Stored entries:
=== Begin Enclosure ===

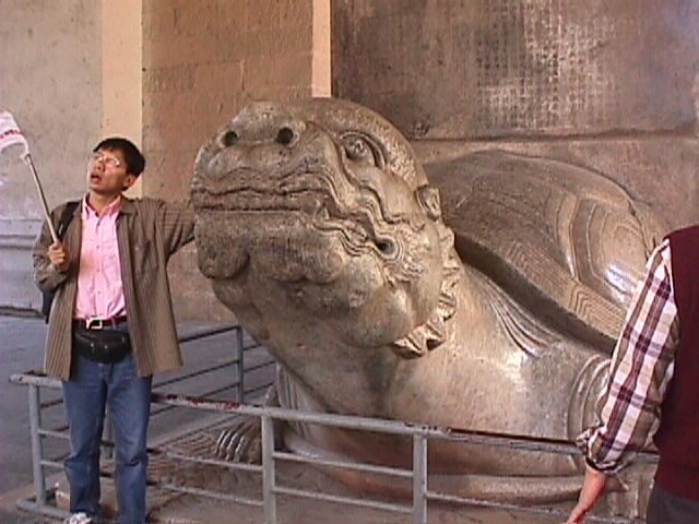 We stopped first at the Sacred Way, a boulevard dead emperors were carried down to their tombs. Parker, our guide, stopped at this massive stele to explain some of the details. That arm on the right belongs to Chuck, an amazing man who was never expected to walk again after being involved in a monorail accident last year. That's right, a man expected to be bed-bound until his death from an accident on a monorail was touring China with us. If that is not an inspiration, I don't know what would be. |
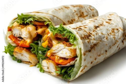 Crispy chicken wrap with lettuce, melted Mozzarella, yellow or honey sauce, tortilla wrap with chicken and vegetables isolated on white
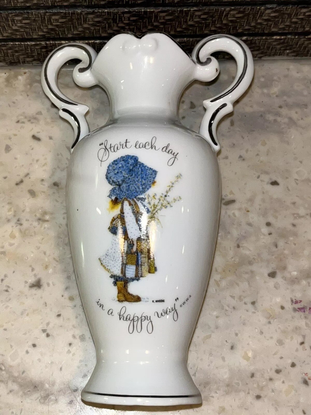 Add a touch of vintage charm to any room with this lovely Holly Hobby porcelain bud vase. Made in Japan in 1972 by World Wide Arts, Inc, this licensed reproduction features a glazed finish and gold trimmed details. The vase stands at 6 inches tall and is suitable for any occasion, making it a perfect addition to your decorative collectibles.
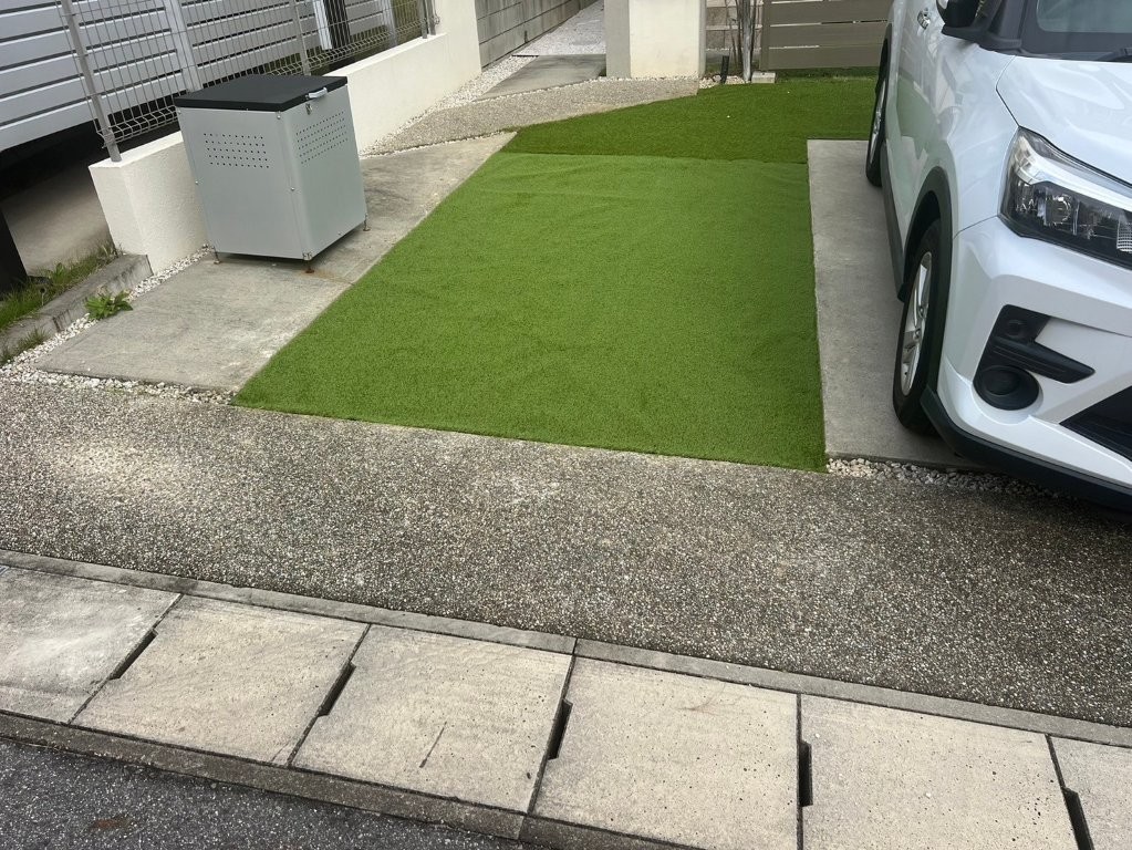 | 施工種別 | 天然芝撤去+人工芝施工、駐車場砂利敷き、防草シート施工 |
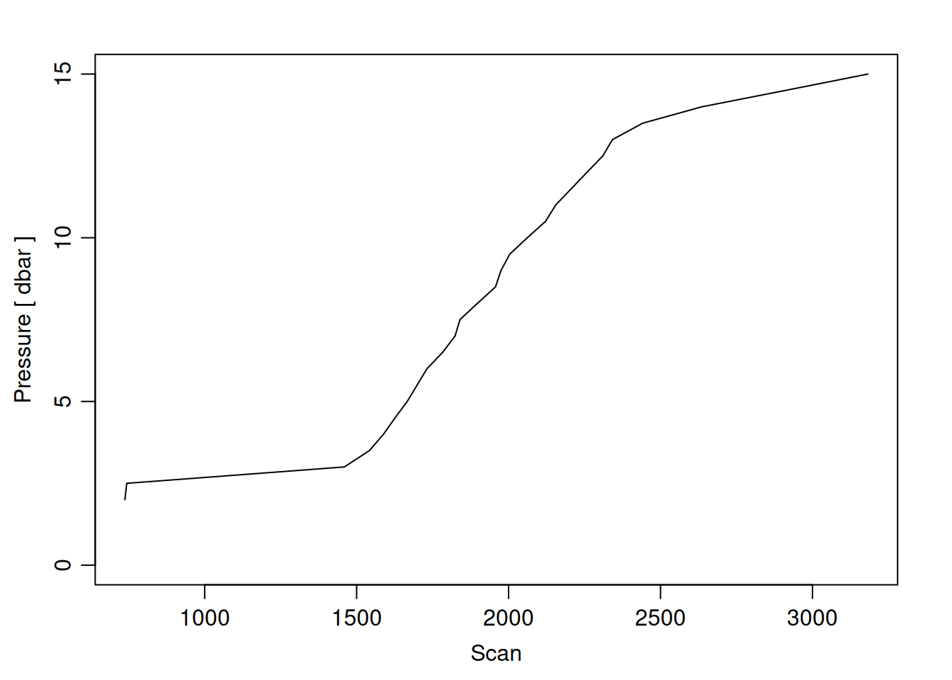 tryCatch({ trimmed_cast <-ctdTrim(cast) decimated_cast <-ctdDecimate(trimmed_cast, p =0.5)# plotting can cause the xlim failureplotScan(decimated_cast)# === export === cast_df <-as.data.frame(decimated_cast@data)# Add metadata cast_df <-mutate( cast_df,station = station_id,cruise_id = cruise_id )# drop NA rows left by cleaning cast_df <-subset(cast_df, !is.na(scan))# create folder if doesn't exist clean_data_loc <- here::here("data/02_clean")try(fs::dir_create(clean_data_loc))# save ctd to .csvwrite.csv(cast_df, glue("{clean_data_loc}/{params$cast_id}.csv"))}, error =function(e) {cat("\n=== CTD PROCESSING ERROR ===\n")cat("Cast ID:", params$cast_id, "\n")cat("Error message:\n", conditionMessage(e), "\n\n")# Safely inspect objects that might or might not exist when the error happenedif (exists("decimated_cast")) { df <-try(as.data.frame(decimated_cast@data), silent =TRUE)if (!inherits(df, "try-error")) {cat("Dataframe columns:\n")print(names(df))cat("\nSummary of key columns (scan, pressure, temperature, salinity if present):\n") known_cols <-intersect(c("scan", "pressure", "temp", "temperature", "salinity", "conductivity"), names(df))print(summary(df[known_cols], digits =3))cat("\nHead of dataframe:\n")print(head(df)) } else {cat("Could not extract dataframe from decimated_cast.\n") } } else {cat("decimated_cast was never created before the error.\n") }cat("\n=== END ERROR DEBUG INFO ===\n\n")})
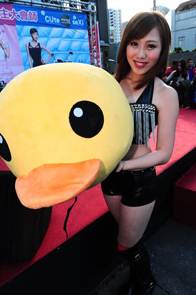 第二階段的PK由最近最火紅的熊貓圓仔和黃色小鴨上場,不過圓仔可能是忙著接客沒有洗澡,身上太髒不讓拍照,所以這次的黃色小鴨沒有給人漏氣,搶到了獨家的版面。這遊戲的難度在於帶上頭套之後呈現全盲狀態,需要以兩人一組引導方向,手持鼓棒先敲到鑼的就是贏家囉!
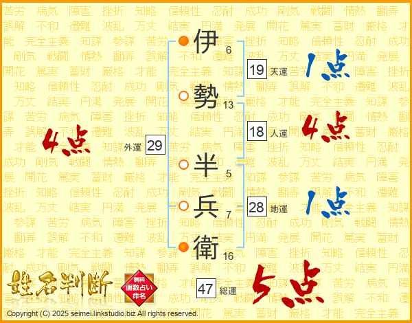 伊(6画)勢(13画) 半(5画)兵(7画)衛(16画)
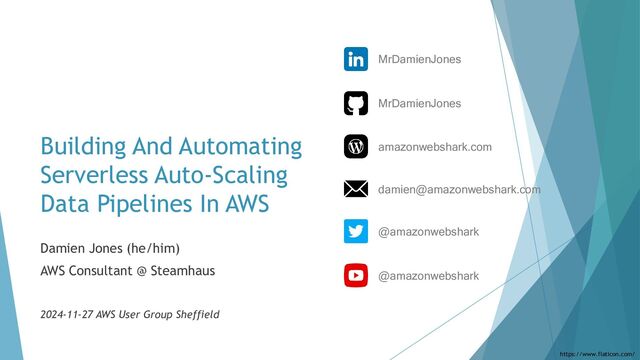 Jones (he/him) AWS Consultant @ Steamhaus 2024-11-27 AWS User Group Sheffield @amazonwebshark MrDamienJones amazonwebshark.com [email protected] MrDamienJones https://www.flaticon.com/ @amazonwebshark
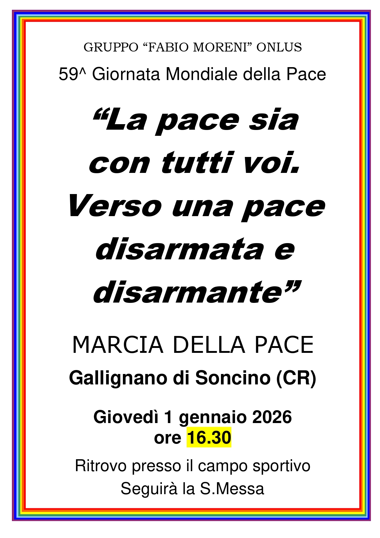In occasione della 56° Giornata Mondiale della Pace, il Gruppo Fabio Moreni Onlus organizza la marcia della Pace.
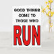 Cartão As coisas boas vêm para aqueles que correm!
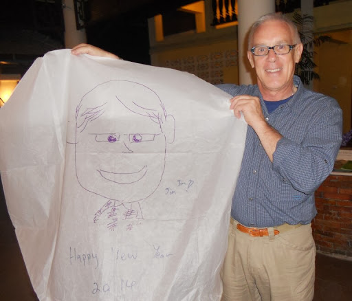 I drifted back to the stage area, listened to some prize giveaways in Thai for a little while, listened to another band, and by 9:30 or 10:00 was getting pretty tired, so I started walking back to 3-Sis. When I walked into the lobby, the staff had a lantern on the front desk, and were drawing their names and sayings on it. They asked me to add my name, and we stepped outside to the open field next door and lit and launched the lantern. When we came back in, Poppy (the owner of 3-Sis) had drawn a caricature of me on another lantern:
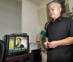 特侦组发言人陈云南3日傍晚对外说明约谈陈水扁的相关案情,恰巧陈水扁同时间在办公室召开记者会为自己辩护。透过电视转播,两人彷佛隔空交战。(图:台湾《中国时报》)
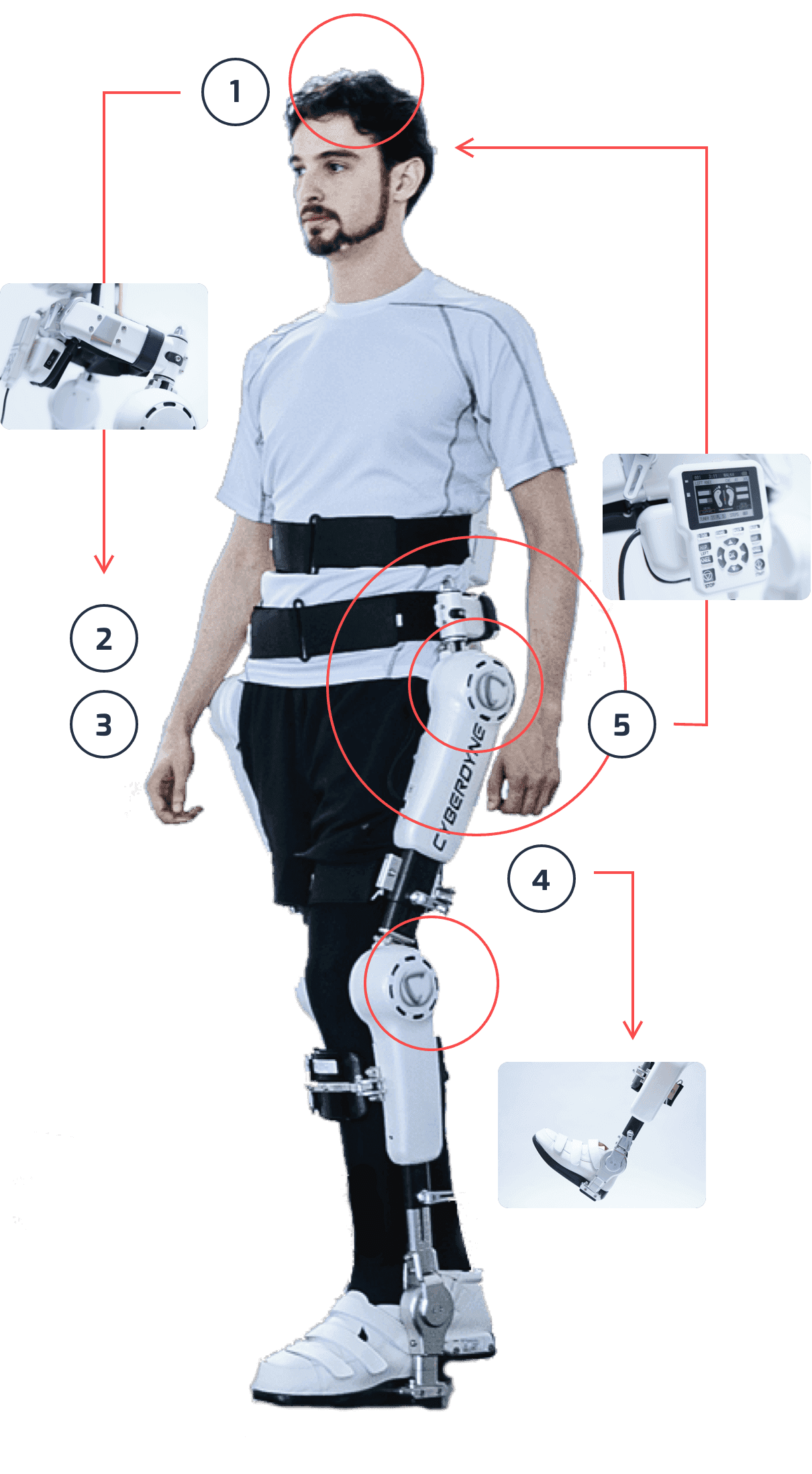 Bei gelähmten Patienten können diese Signale zu schwach sein, um eine richtige Bewegung auszulösen. HAL kann jedoch schwache BES, die durch die Haut gelangen, sensorisch erfassen, verarbeiten und gleichzeitig mit Motoren, die sich an jedem Hüft- und Kniegelenk befinden, die gewünschte Bewegung unterstützen.
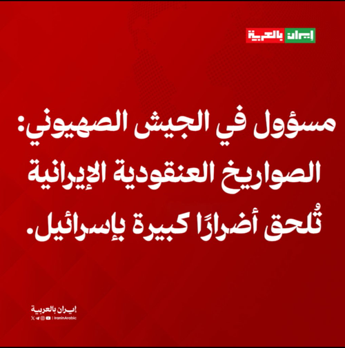 @iraninarabic_ir · 7m القناة 12 التابعة لكيان العدو الصهيوني نقلًا عن مسؤول في الجيش الإسرائيلي: الصواريخ العنقودية الإيرانية تُلحق أضرارًا كبيرة بإسرائيل.

=== End Enclosure ===

Assigned task: Go to the line above holding "I drifted back", then copy exactly each line down to and including the one holding "特侦组发言人陈云南3日傍晚对", leaving pictures out.

Solution below:
 I drifted back to the stage area, listened to some prize giveaways in Thai for a little while, listened to another band, and by 9:30 or 10:00 was getting pretty tired, so I started walking back to 3-Sis. When I walked into the lobby, the staff had a lantern on the front desk, and were drawing their names and sayings on it. They asked me to add my name, and we stepped outside to the open field next door and lit and launched the lantern. When we came back in, Poppy (the owner of 3-Sis) had drawn a caricature of me on another lantern:
 特侦组发言人陈云南3日傍晚对外说明约谈陈水扁的相关案情,恰巧陈水扁同时间在办公室召开记者会为自己辩护。透过电视转播,两人彷佛隔空交战。(图:台湾《中国时报》)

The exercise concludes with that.